I don't see the json file with name you mentioned. I can see multiple json files with different numbers. e.g. 00000000000000086096.json, 00000000000000086097.json, 00000000000000086098.json etc etc.

roeap commented 2 years ago

Thanks! In that case "adls2://{ContainerName}@{StorageAccountName}.dfs.core.windows.net" should be the way to go. The fact that we are getting the error you mentioned should already mean, that we can access the storage, but it seems we are not finding the entry point to the logs. AFAIK the log files should never be deleted and the all zero file i mentioned denotes the initial commit. I have to look a bit into our codebase to remind me how delta-rs starts parsing the log.

Given the number of commits, there should also be a file called _last_checkpoint, which should point to a parquet file containing all commit info up to that checkpoint and allows us to avoid parsing the log from the very beginning. If that file does not exist and we cannot find the aforementioned file, the error message you mentioned is shown.

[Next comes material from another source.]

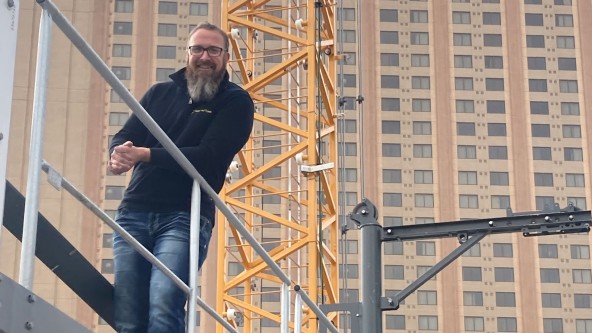For more than five years, Aaron Malueg, Technical Advisor and Trainer for Liebherr Tower Cranes, has been helping bring Liebherr’s most impressive displays to life. His work behind the scenes at Conexpo blends planning, technical mastery, and a deep passion for the brand. A combination that turns complex setup operations into seamless showcases of innovation.
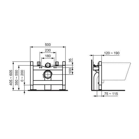 Ideal Standard Prosys H1150 x D120mm front actuation CL2 wall hung WC frame with Cistern

So my question is, does that _last_checkpoint file exist, and if so, does it point to an exisiting parquet file in the log folder? In any case, the 00000000000000000000.json file not existing might already be considered a corrupt delta log, even though it should work as long as as checkpoint files exist with all relevant information.

@houqp - is that correct?

ganesh-gawande commented 2 years ago

Thank for insights.

This still not working - adls2://{ContainerName}@{StorageAccountName}.dfs.core.windows.net

I have checked my other delta lake storage - logs folder as well - but did not find 00000000000000000000.json file.

Having said that, in all the delta lake log folders - I can locate the checkpoint file like this - 00000000000000085996.checkpoint.parquet which contains multiple records containing commit info.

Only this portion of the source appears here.